Корней громко засмеялся, я тоже. В этот момент раздался взрыв.
- В окооооопы! – закричал нам Гулид.
- Слава, стендап, - закричала одновременно с ним я.
Стендап – это работа журналиста в кадре. Оператор Слава подбежал ко мне, стал соединять микрофон с камерой с помощью шнура – на войне нельзя пользоваться удобными радиомикрофонами.

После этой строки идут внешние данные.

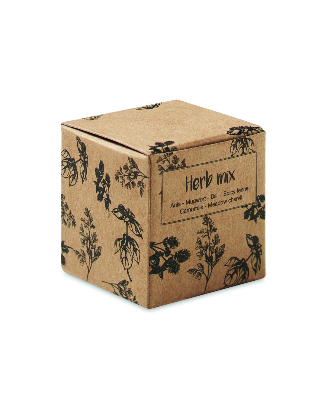 Kit de cultivo de semillas bomba presentado en caja de cartón. Incluye semillas de anís, artemisia vulgaris, eneldo, hinojo, manzanilla y perejil d…
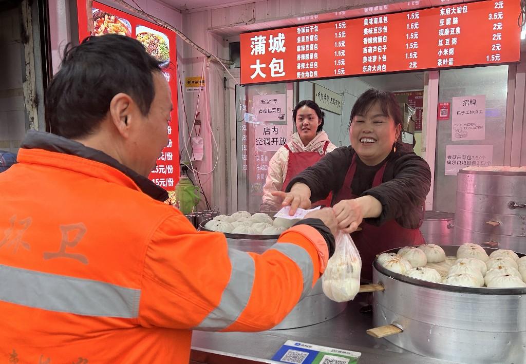 每月初一、十五的前一天,西安市新城区解放门街道东七路的“老朱家蒲城包子”铺都会收到两笔100元的微信转账。这位匿名捐助者3年来已默默转账70余次。包子铺店主朱春荣便用这笔钱蒸出40个包子,分成20份,配上热腾腾的豆浆或稀饭,免费送给环卫工人和社区老人。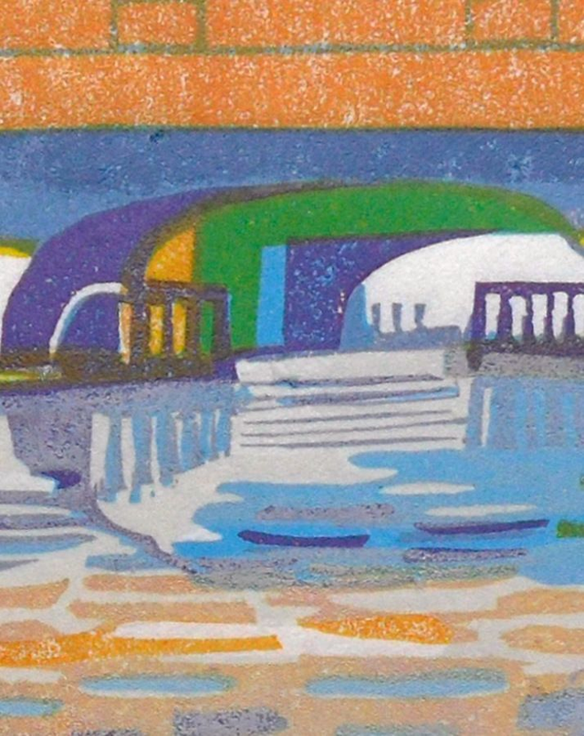 A rather unusual view of the Gas Street Basin, no people, no boats. This print was commissioned by the Poetry Society for use in their promotion.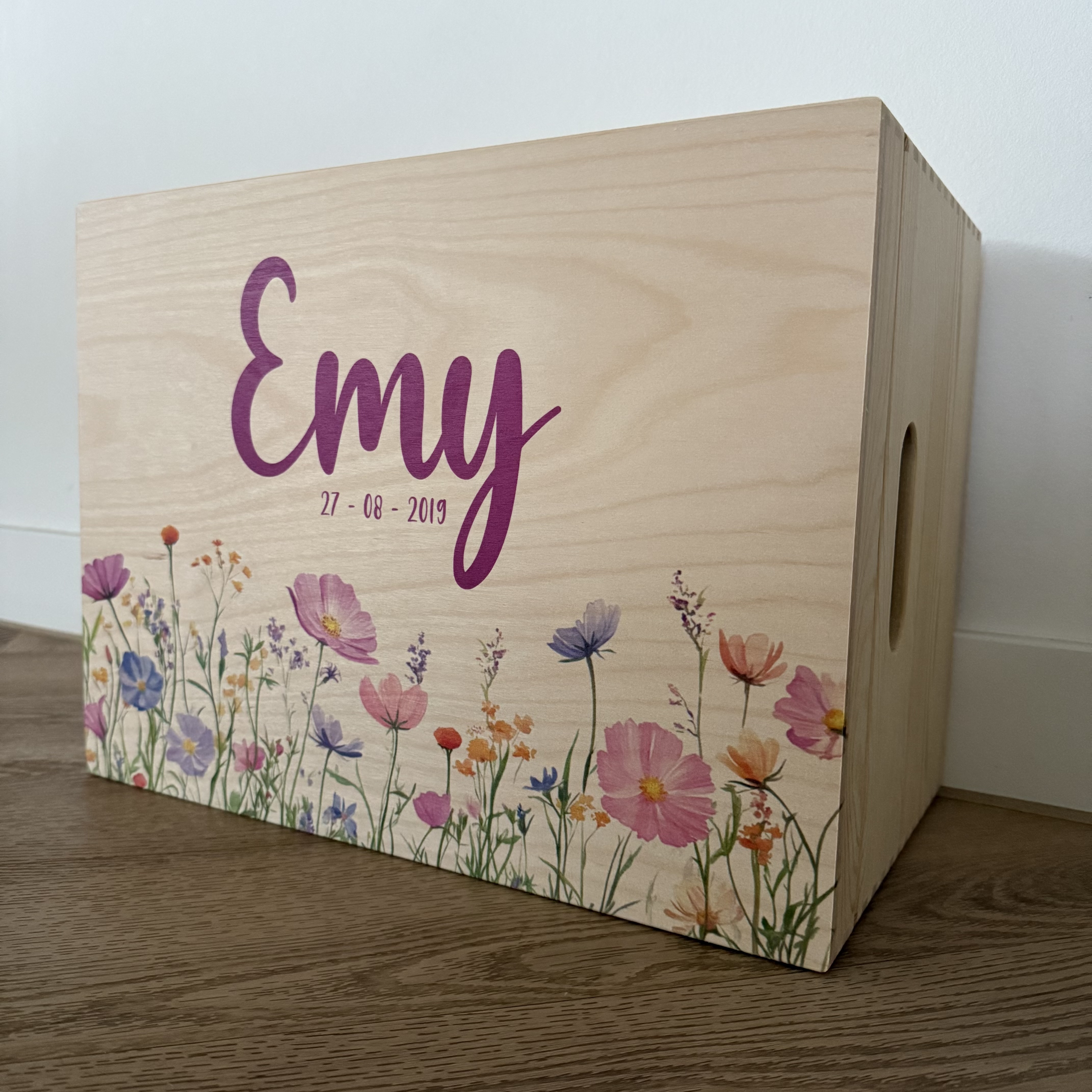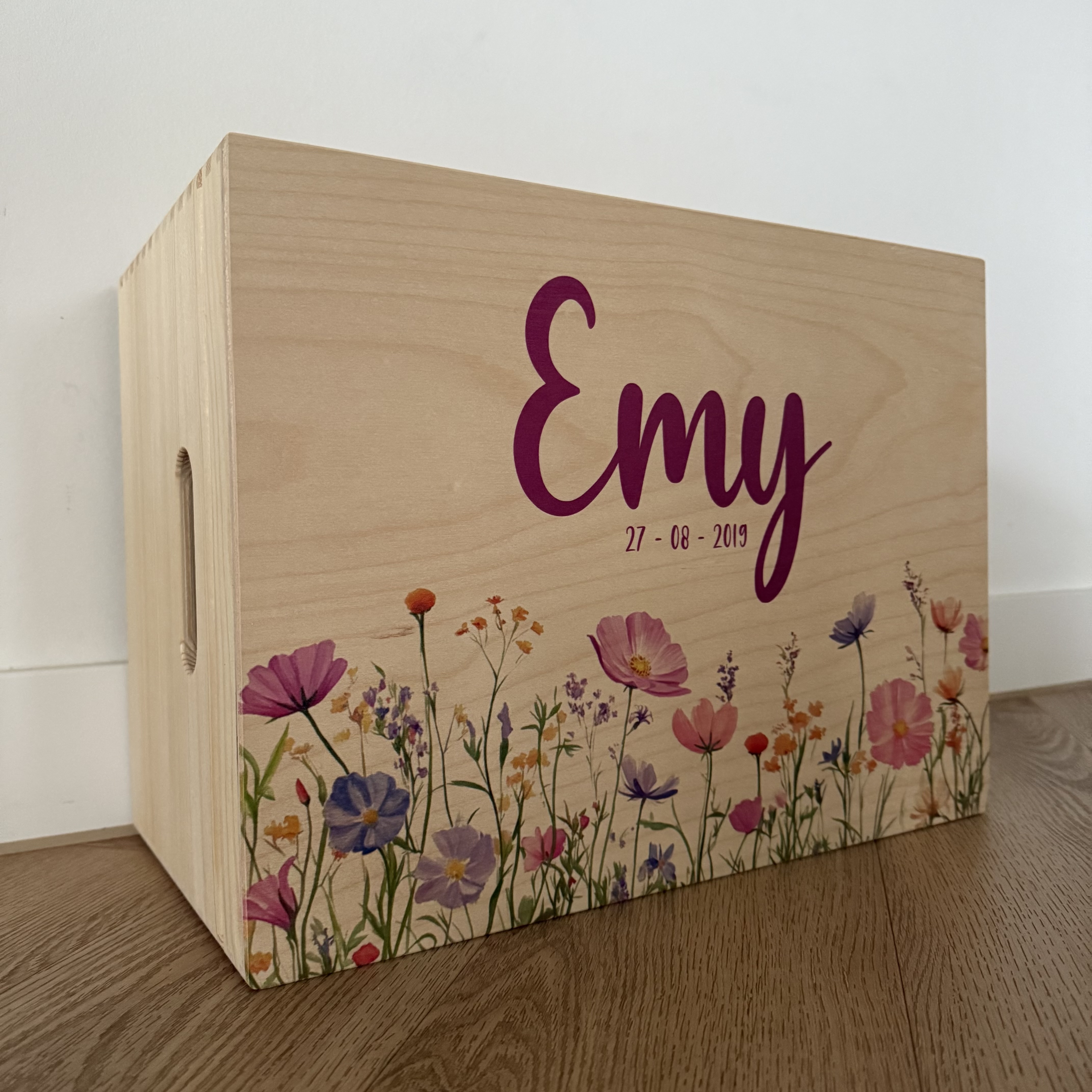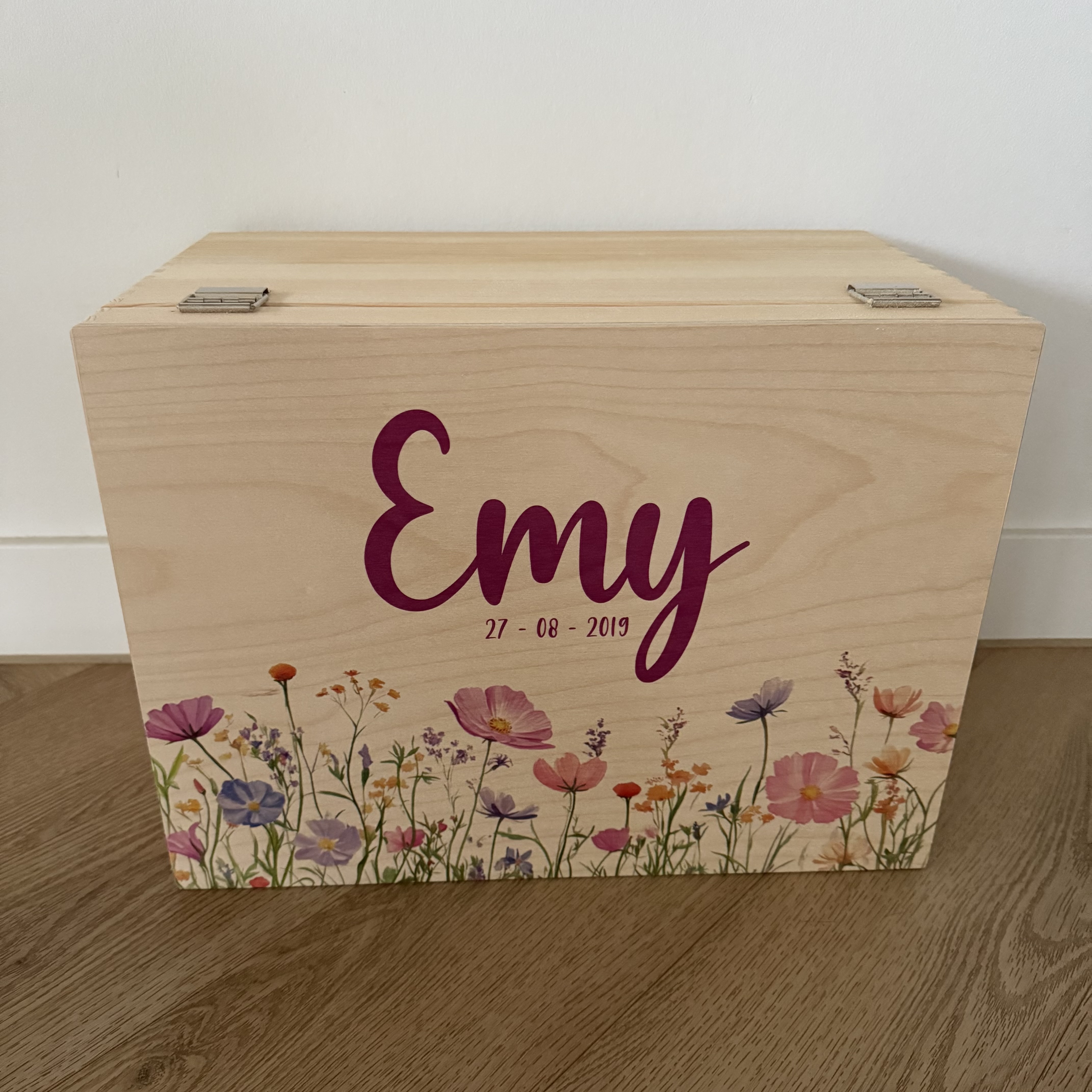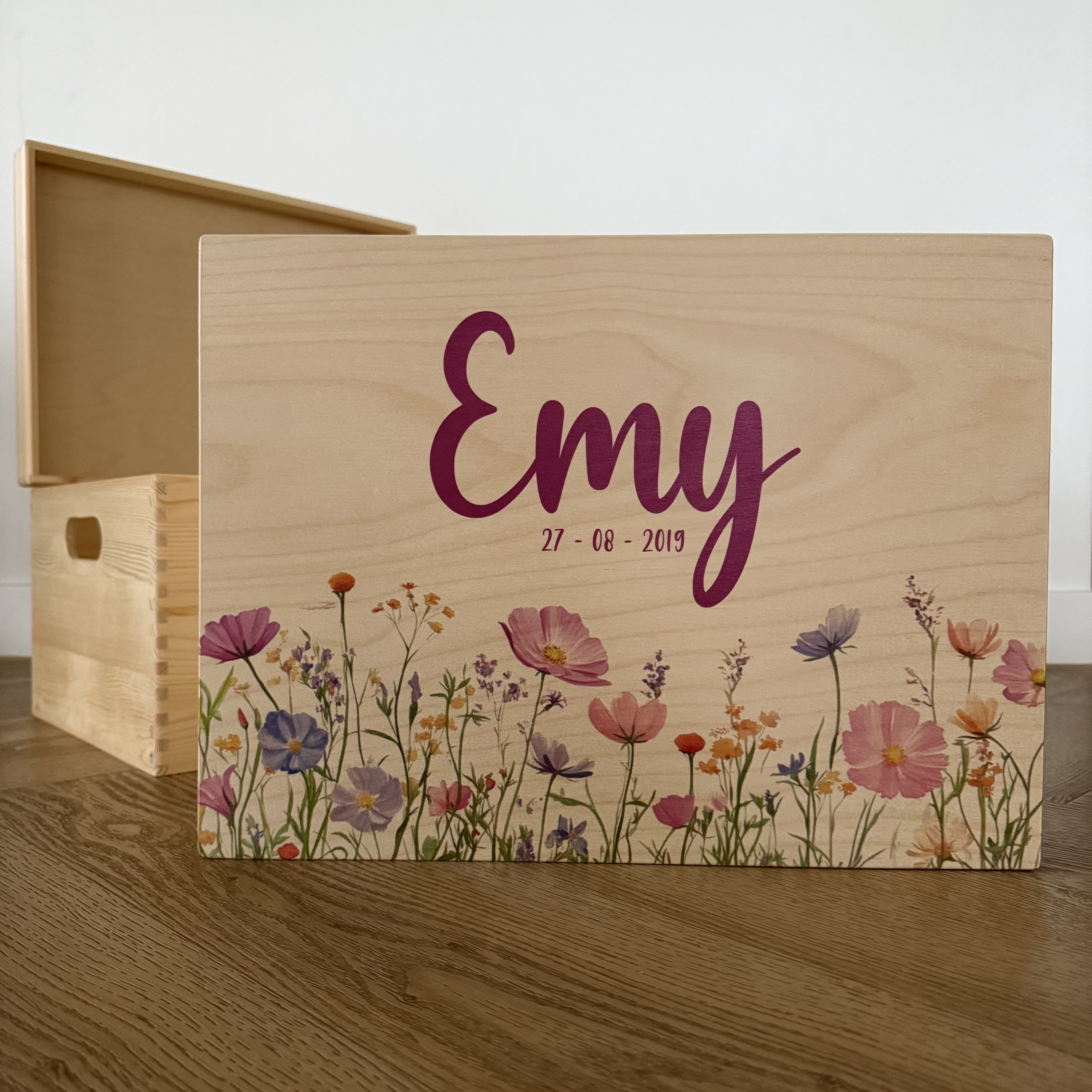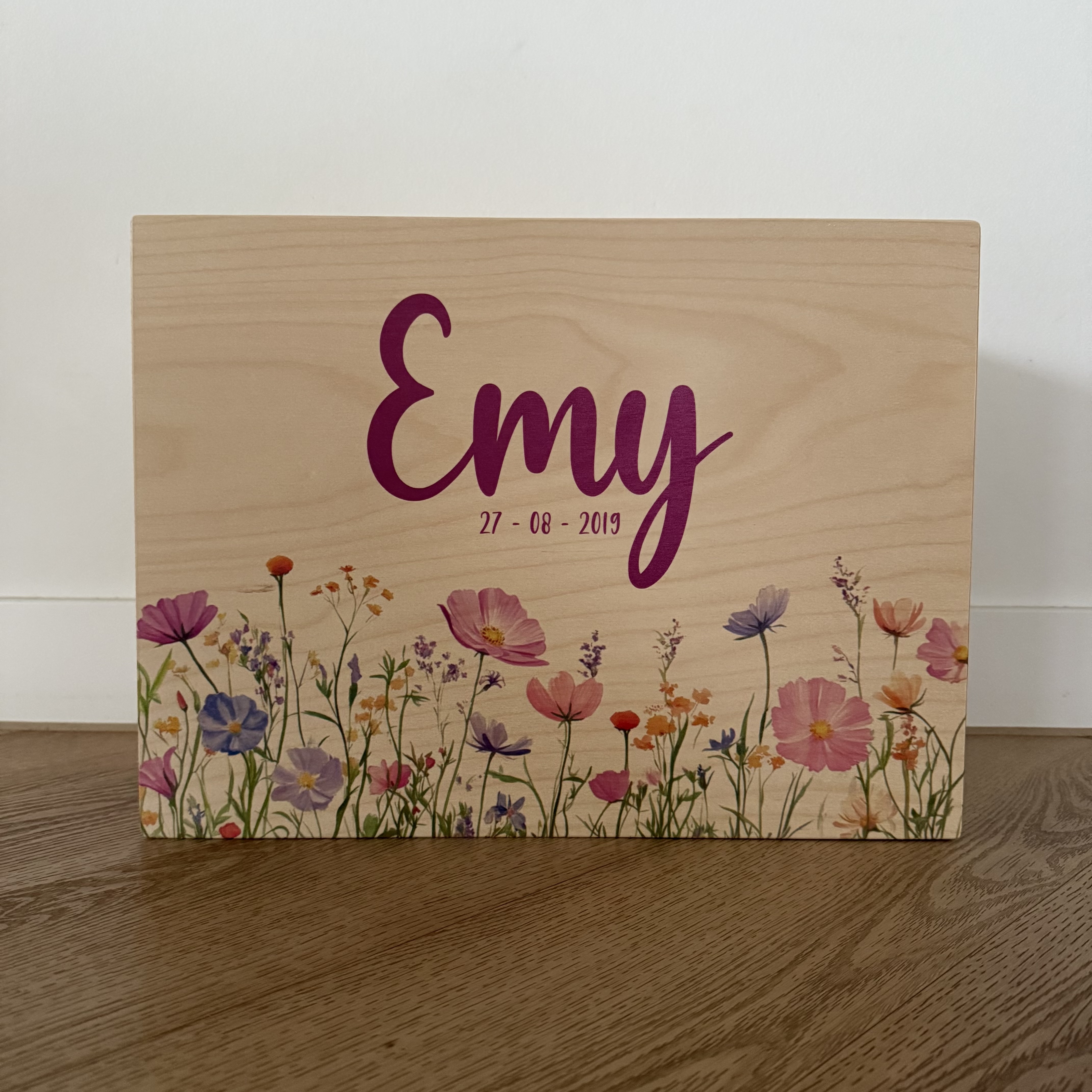Deze gepersonaliseerde houten memorybox met het thema wilde bloemen is een liefdevolle en stijlvolle manier om de mooiste herinneringen aan je baby te bewaren. De precieze gekleurde print met bloemen geeft de box een natuurlijke, zachte uitstraling en maakt hem persoonlijk en tijdloos.

Прозвучал второй взрыв, уже не такой приглушенный, как первый. Значит, пристреливаются. Идут в нужном направлении.
- Это миномет?
- Гаубица!
- В окоп, - на меня орали со всех сторон.
К приглушенным звукам разрывающихся снарядов добавились звуки выстрелов – наши тоже открыли огонь из всего, что было под рукой. Артиллерии на их позиции не было.
Под эту какофонию мы подбежали к окопам. На секунду остановились. «Пишем», - скомандовала я, быстро произнесла несколько слов и прыгнула в окоп.
Слава почему-то замешкал. Видимо, профессиональный оператор, не привыкший халтурить, не разрешал здравому смыслу победить и спрятаться в укрытии. Главное действие разворачивалось здесь и сейчас, и он не мог не запечатлеть это на камеру. Но за него всё решили ополченцы. В нашу сторону посыпался град нецензурных слов. Слава спрыгнул в окоп.
Я не могу сказать, сколько это длилось, - две минуты или четверть часа. Когда звуки смолкли, я аккуратно выглянула наружу.
- Ну что, офигела? – на меня, улыбаясь, смотрел Гулид.
- Офигела, - по слогам произнесла я и после этого почему-то засмеялась. Громко и звонко – обычно я смеюсь по-другому.
- Поехали скорее, пока они снова не начали стрелять.
Я вылезла из окопа и, пока бежала к машине, обратила внимание на свои руки. Они были полностью в земле, вплоть до рукавов футболки. Посмотрела на Славу – он тоже весь грязный.
Впрыгнули в машину. Корней снова за руль, Гулид рядом, мы сзади. Остальные должны выехать вслед за нами.
Несёмся на бешеной скорости. К такой езде я привыкла - на войне все передвигаются быстро, чтоб противник не успевал прицелиться.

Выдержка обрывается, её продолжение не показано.